# Architecture Analysis
This document provides a detailed overview of the architecture and logic of the `sql-lsp` (Rust-based SQL LSP) project.
## 1. High-Level Architecture
The project is a **Language Server Protocol (LSP)** implementation written in Rust, designed to support multiple SQL dialects. It uses a component-based architecture where core LSP logic is separated from dialect-specific analysis.
### Core Technologies
- **Server Framework**: `tower-lsp` handles the JSON-RPC communication and LSP lifecycle.
- **Parsing**: `tree-sitter` is used for fault-tolerant, incremental parsing.
- **Concurrency**: `DashMap` and `Arc` are used extensively for thread-safe state management across async tasks.
- **Async Runtime**: `tokio` drives the asynchronous I/O and task execution.
## 2. Component Logic
### 2.1 LSP Server (`src/server.rs`)
The `SqlLspServer` struct is the central coordinator. It implements the `LanguageServer` trait from `tower-lsp`.
- **State Management**:
- `document_manager`: Stores the current content of open files.
- `file_dialects`: Caches the detected dialect for each file URI.
- `file_schemas`: Caches the associated Schema ID for each file.
- `schema_manager`: Holds the actual schema definitions (tables, columns, functions).
- **Workflow**:
1. **Initialization**: Configures capabilities (incremental sync, completion, hover, etc.).
2. **File Open/Change**: Updates `DocumentManager`, infers dialect, and publishes initial diagnostics.
3. **Requests (Completion/Hover/Definition)**:
- Retrieves the document content.
- Resolves the dialect and schema for the file.
- Delegates the actual logic to the specific `Dialect` implementation.
### 2.2 Dialect System (`src/dialect.rs`, `src/dialects/`)
The project uses a plugin-like architecture for SQL variations via the `Dialect` trait.
- **`Dialect` Trait**: Defines the interface for all SQL flavors.

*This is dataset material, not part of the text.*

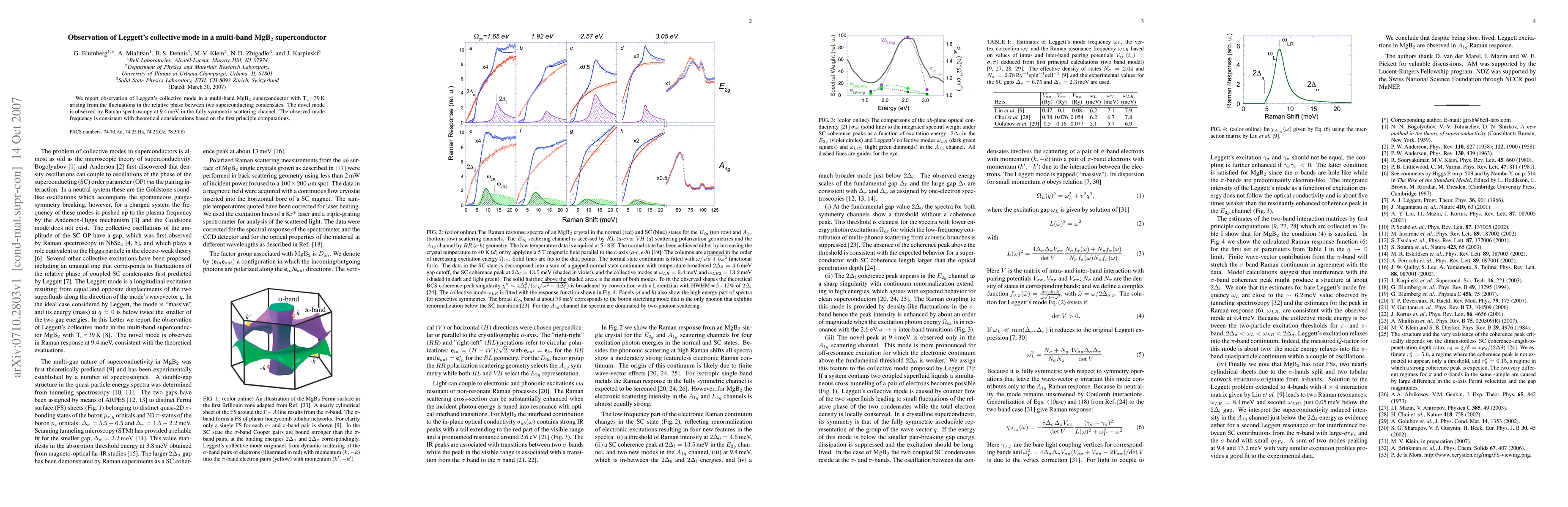 Researchers have observed Leggett's collective mode in a multi-band MgB2 superconductor, a phenomenon arising from fluctuations between two superconducting condensates, at 9.4 meV frequency.

Key methods include:
- `parse()`: Returns syntax diagnostics.
- `completion()`: Returns auto-complete items based on cursor position.
- `hover()`, `goto_definition()`, `references()`: Semantic features.
- **Implementations**:
- Located in `src/dialects/`.
- Examples: `MysqlDialect`, `PostgresDialect`, `HiveDialect`.
- Each implementation uses a `SqlParser` configured for its specific grammar.
### 2.3 Schema Management (`src/schema.rs`)
Handling database metadata (tables, columns) is decoupled from parsing.
- **Data Structures**: `Schema`, `Table`, `Column`, `Function`.
- **Inference Logic**:
- `get_schema_for_file` attempts to link a SQL file to a known schema.
- Strategy:
1. Check for explicit association.
2. **Auto-Inference**: Parse the SQL to find table names, then score against registered schemas to find the best match (fuzzy matching + hit count).
### 2.4 Parsing & AST Analysis (`src/parser/`)
The project relies on `tree-sitter` for the heavy lifting of parsing, which allows it to handle incomplete or invalid code gracefully (critical for an editor).
- **`SqlParser` Wrapper**:
- Wraps the raw `tree-sitter` parser.
- Provides high-level helpers like `get_node_at_position`, `analyze_completion_context`.
- **Context Analysis**:
- The parser identifies the specialized context of the cursor (e.g., `FromClause`, `SelectClause`, `WhereClause`).
- This allows the dialect to offer context-aware suggestions (e.g., offering table names in `FROM` but column names in `SELECT`).
## 3. Data Flow Example: Completion Request
1. **User Action**: User types `SELECT * FROM us` in VS Code.
2. **LSP Request**: Client sends `textDocument/completion` to `SqlLspServer`.
3. **Dispatch**:
- Server retrieves full text of the file from `DocumentManager`.
- Server looks up the file's dialect (e.g., `MysqlDialect`).
- Server retrieves the associated `Schema`.
4. **Analysis**:
- `MysqlDialect::completion` calls `SqlParser::parse`.
- Parser identifies cursor is in a `FromClause` context.
5. **Result Generation**:
- `MysqlDialect` generates completion items for known table names in the `Schema` that match "us".
- Returns a list of `CompletionItem`s (e.g., "users", "user_profiles").
## 4. Directory Structure
- `src/main.rs`: Binary entry point.
- `src/lib.rs`: Library root.
- `src/server.rs`: Core LSP event loop and dispatch logic.
- `src/schema.rs`: Schema definitions and storage.
- `src/dialect.rs`: `Dialect` trait definition.
- `src/dialects/`: Specific implementations (MySQL, PG, etc.).
- `src/parser/`: Tree-sitter integration and AST helpers.